As i understand kill -15 gracefully kills the process. But then right away they have the kill -9 as well. So if a process was getting killed in the first command, what happens when kill -9 is also run on the same process? Or will the ps -ef even list out that process since it has been marked for kill?
Thanks!
回答1:
You are correct that kill -15
is to gracefully kill a process. But, killing a process is something that happens instantaneously. So the program above is going to check for pid
, attempting to kill it gracefully .. If the kill -15
fails -- The kill -9
is performed. The way it knows that kill -15
failed, is the grep
command. If kill -15
was successful, that pid
should not exist any longer, making the following grep
return empty.
So really, kill -9
only runs if kill -15
failed to gracefully stop the program. The problem with this approach, is that sometimes gracefully stopping a process can take some time depending on the program. So IMHO there needs to be a wait period or a sleep
for a few seconds to allow kill -15
to attempt to gracefully stop the process .. Most assuredly with the approach above, kill -9
is almost always invoked since the script doesn't allow much time for the process to be shut down properly. In the event that kill -15
is still processing, kill -9
will just override and instantly stop the process.
回答2:
If you have the option to refactor, you can use /proc/$PID
as a more efficient way to detect if a process is running.
stopSvc() { local svc=$1
read x pid x < <( ps -fu "$App_user" | grep -E " ($App_baseDIR/$1/|)$svc.jar$" ||: )

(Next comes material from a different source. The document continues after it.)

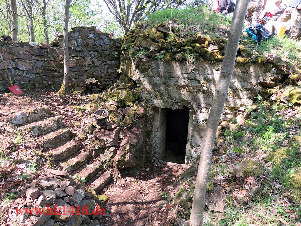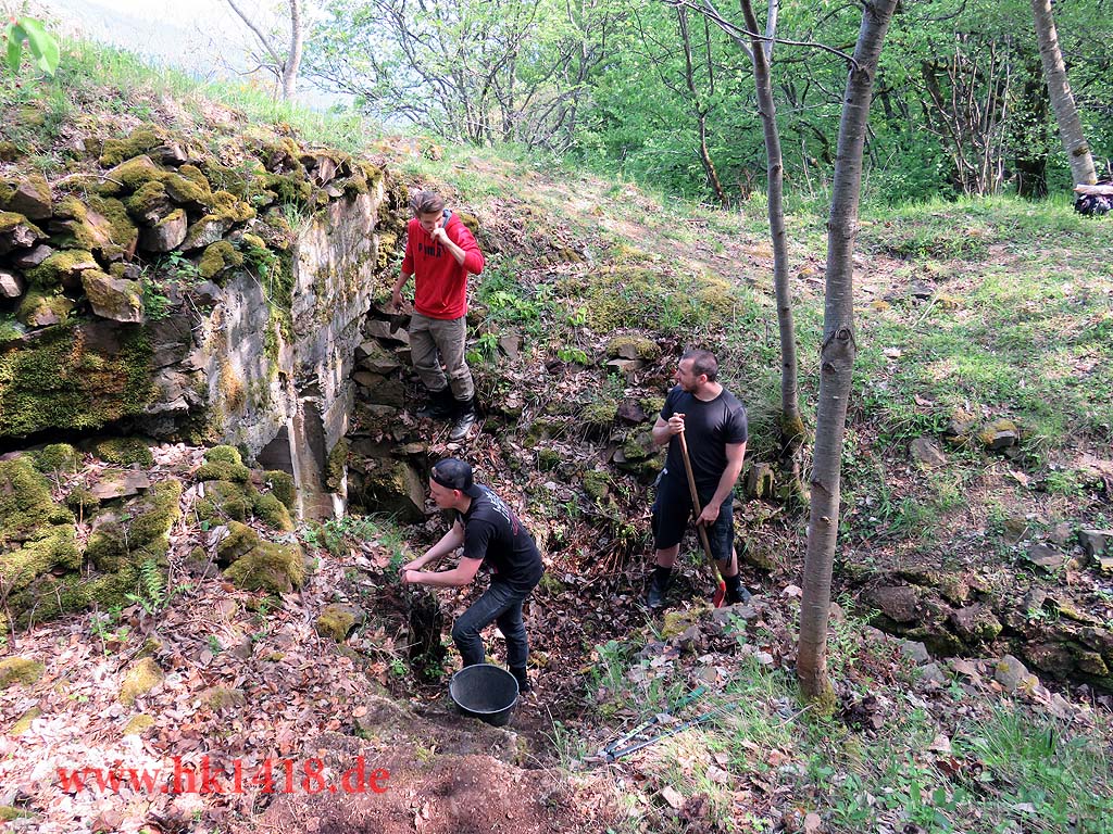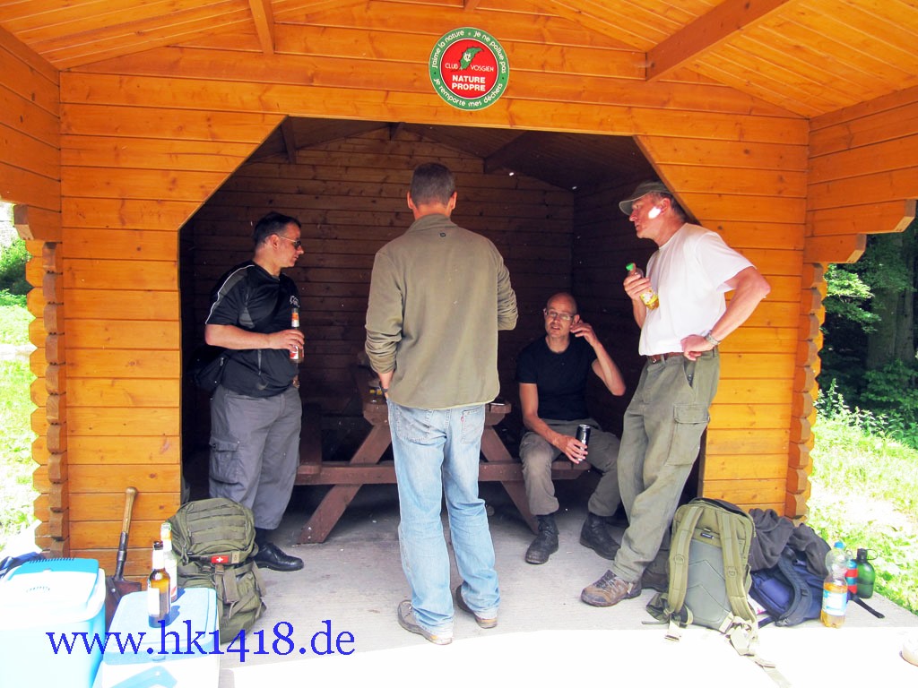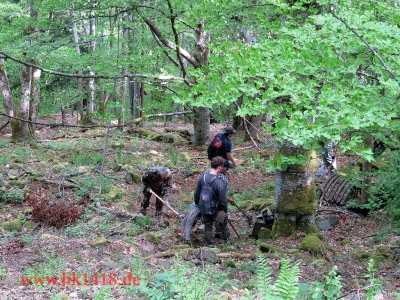Zum diesjährigen Arbeitseinsatz trafen wir uns in Hartmannswiller am Hotel Meyer. Von dort aus sind wir mit unseren Truppentransporter – einem schweizer Pinzgauer – an die Kurve 5 gefahren und haben dort dann die Kantine des Landwehr-Infanterieregiments Nr.124 bearbeitet. Mit unseren französischen Freunden Benjamin und Robert hatten wir sehr viel Spaß, Motivation und ein tolles Ergebnis erreicht. Ein Dank an alle Helfer.

local -i starting="$(date +%s)" # linux epoch timestamp in seconds
while [[ -d "/proc/$pid" ]]
do ps -fp "$pid"
kill -term "$pid"
if (( ( $(date +%s) - starting ) < 20 )) # been trying for less than 20s
then sleep 2
date
else echo "$svc is hung - using a hard stop"
kill -KILL "$pid"
break
fi
done
sleep 2
[[ -d "/proc/$pid" ]] && return 1 || return 0 # flip the return
}
Basically, the kill -15
is a term
signal, which the process could catch to trigger a graceful shutdown, closing pipes, sockets, & files, cleaning up temp space, etc, so to be useful it should give some time. The -9
is a kill
and can't be caught. It's the Big Hammer that you use to squish the jobs that are misbehaving, and should be reserved for those cases.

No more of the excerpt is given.